Green wrote this book in 1930. It was his second book and one of the two books that he later repudiated and never allowed to be republished. I read it out of sequence, because I wanted to read what he wrote about these two books in his autobiographies first. The book is a historical curiosity and, as Greene recognized, without literary merit. In fact, since these books were only published with runs of 1,500 each they are quite rare today. The Internet Archive has pdf copies of each book and so I read the version of The Name of Action available there.

The book jumps right into a story with characters that seem to come from nowhere and run around declaiming all of their boring thoughts before wandering off the scene. The protagonist is Oliver Chant, a rich young fop who funds political movements seemingly out of boredom. He hears from a refugee in London about the possibility of toppling the dictator of Trier. Will he help with funding to restore the Republic? When he sees a newspaper photo of Anne-Marie, the pretty young French wife of the dictator, he decides to go in person to Trier. After all, when they topple the dictator, what’s going to happen to Anne-Marie?

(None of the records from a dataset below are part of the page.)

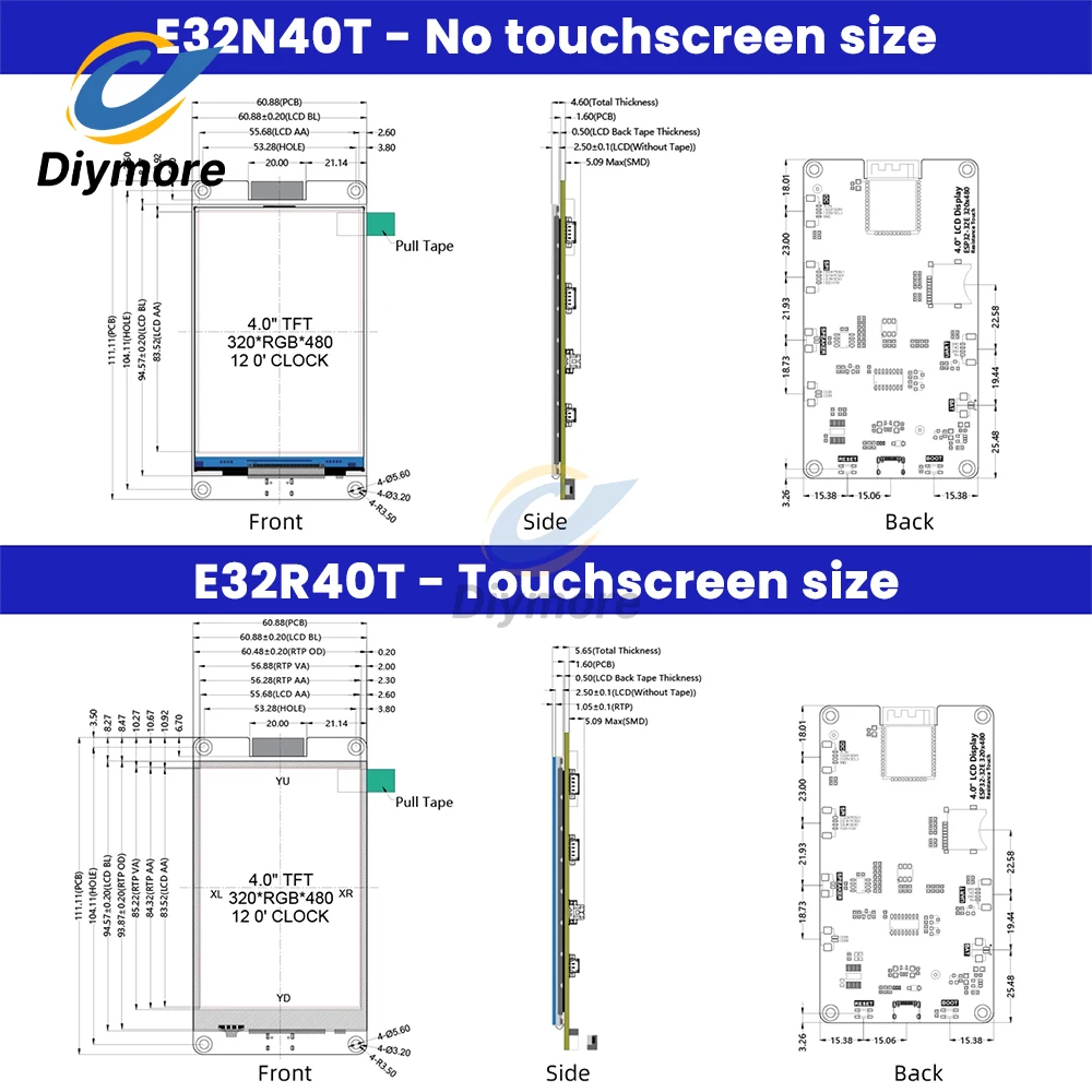 4.0-Inch Touch Screen ESP32 WiFi Bluetooth Development Board 320x480 Resolution ST7789 Driver ESP32-32E Module Type-C
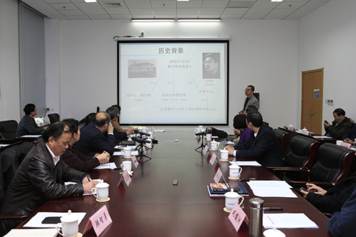2014年12月31日下午,国家自然科学基金委员会主任杨卫、副主任高瑞平等一行到中国科学院数学与系统科学研究院调研并座谈。座谈会由国家基金委数理科学部常务副主任汲培文主持。
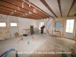 AXE CHANTONNAY - LA CHATAIGNERAIE. Dans commune paisible. Maison de village à rénover entièrement. Potentiel habitable d'environ 240m2 elle se compose actuellement d'une vaste pièce de vie avec coin cuisine, dégagement, trois vastes pièces et une salle d'eau avec wc. A l'étage, diverses pièces et greniers aménageables. Cave voûtée et deux petites cours attenantes à la maison. Terrain non attenant d'environ 200m2 à quelques mètres de la maison. Les + : maison raccordée au tout à l'égout, quelques ouvertures en PVC double-vitrage, convecteurs électriques...Réf. annonce : 6572. Prix : 49 500 EUR dont 4 500EUR d'honoraires agence, 45 000EUR net vendeur. Les informations sur les risques auxquels ce bien est exposé sont disponibles sur le site Géorisques : www.georisques.gouv.fr
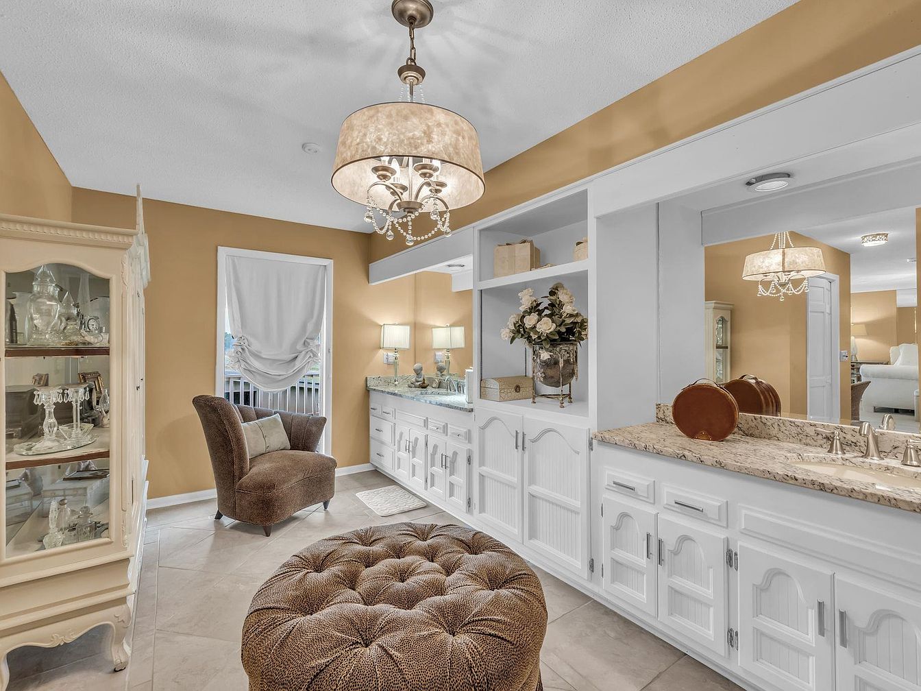 A spacious dressing area features a long marble-topped vanity with dual sinks and elegant white cabinetry. Above the sinks, open built-in shelves display decorative boxes and a large floral arrangement, while a large mirror reflects light throughout the space. Walls are painted a warm honey-gold, complementing the pristine white cabinetry and trim. A tufted ottoman upholstered in textured fabric serves as a central seating option, paired with a plush armchair and throw pillows by the window. A delicate glass-front china cabinet holds silver pieces, adding vintage charm. Soft lighting from the chandelier and wall sconces enhances the inviting, refined ambiance.
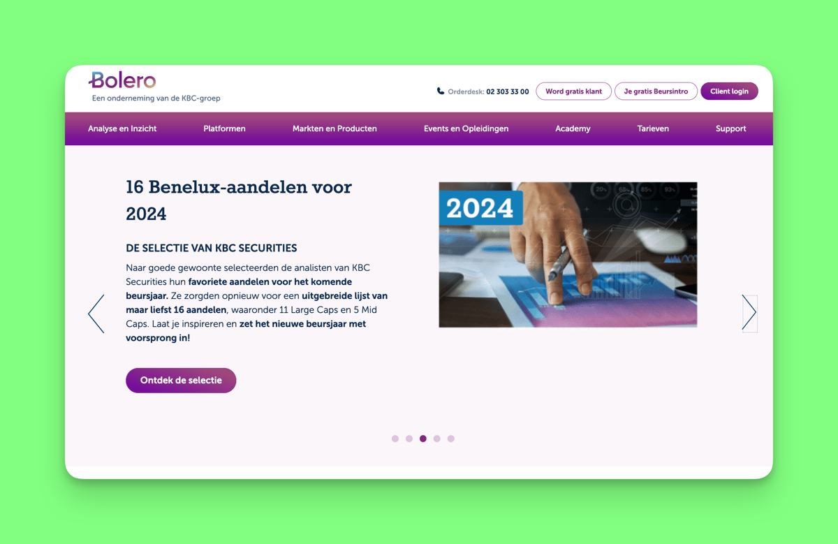 Bolero is one of the first online brokers in Belgium and launched in 1999. The name Bolero stands for Belgian OnLine Exchange Realtime Operated. It's owned and run by KBC Bank and allows Belgians to invest in many different types of assets. Note that you don't have to be a KBC customer to use Bolero. Bolero has a wide range of ETFs to choose from and continues to be one of the most popular brokers in Belgium although it also charges some of the highest fees.
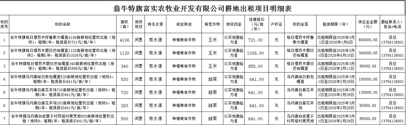 翁牛特旗富實(shí)農(nóng)牧業(yè)開發(fā)有限公司約7579畝耕地經(jīng)營(yíng)權(quán)出租
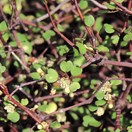 Deciduous, gynodioecious shrub forming dense, interwoven masses up to 4 x 4 m. Stems 10-20 mm diam., maroon-black, cane-like, numerous, arising from a stout, woody, rootstock, 0.5-1 m diam. Branches numerous. Branchlets slender, flexuous, divaricating and interlacing. Leaves in fascicles of 2-5 on short branchlets, or widely spaced along elongated emergent branchlets; petiole slender 3-10 mm; leaf lamina 2-15 mm diam., broadly-obcordate, rarely pandurate or entire; apex usually notched 1(-4) times, cuneately narrow to base. Flowers green or white, on short, axillary fascicles. Male and perfect flowers present on the same plant, the male flower bearing 8 functional stamens, and a rudimentary gynoecium; perfect flowers with functional stamens and gynoecium; female flowers on separate plants, ovary bluntly trigonous; stigmas 3, fimbriate, androecium rudimentary. Fruit an exposed 2-2.5 x 1.25 mm trigonous, dull black rugose nut; surrounding tepals white, succulent.
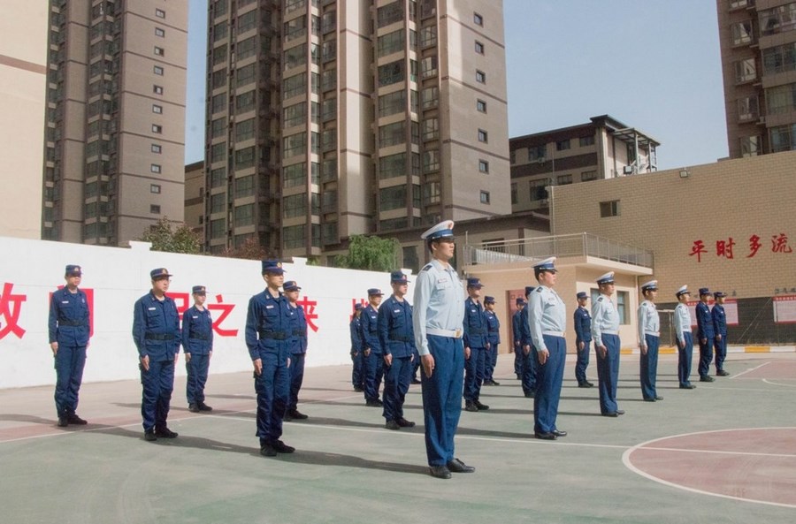 为进一步加强消防条令条例学习,推动队伍正规化建设发展,近日,武山县消防救援大队组织全体文员开展队列训练。  此次训练主要开展了立正、稍息、齐步与跑步等基本队列训练项目。训练过程中,全体人员精神饱满,始终以端正的态度、整齐的步伐、响亮的口号开

In Trier, he discovers that the leader of the opposition is Kapper, a Jewish poet, and that they have no plans to topple Demassener with violence, but only to propagandize to build up public support for the Republic. Chant also meets the Demasseners and falls ever more in love with Anne-Marie. After a surprising number of pages in which little happens, Chant takes over the revolutionary movement from Kapper, brings in rifles and machine guns from Koblenz, sleeps with Anne-Marie, and learns from her of the dictator’s impotence. When Kapper hears of this, he uses his poetic powers to “own” Demassener, who is then easily toppled. Chant is disgusted with everyone, even Anne-Marie, who is uninterested in a long-term relationship, and so he accompanies the dictator out of town, leaving Trier to the Jew and the French harlot.

*

Greene was correct to disown this book. It is a stinker. It reads like a wordy treatment for a grade-B movie from the 1930s. Greene often revised his books when they were republished and the fact that this was never republished means that the anti-Semitic language in it was never changed. Others of his early books contain examples of this, Orient Express and Brighton Rock being the most salient. WWII made the bizarre and petty tropes of Jews contained in this book, which were, I suppose, a common part of the speech of someone of his class and time sound outdated and embarrassing. This antisemitism makes certain passages of the book quite unpleasant to read.

In his autobiography, Greene mentioned that he went through a phase as a young man when he read Joseph Conrad nonstop. This book shows that influence, although without Conrad’s skill. The greatest problem with the book is that Greene presents the protagonist without irony. Oliver Chant is romantic and petulant and such an easily-shocked twit that it would have taken a good writer indeed to pull off an adventure story with this man-boy as the hero.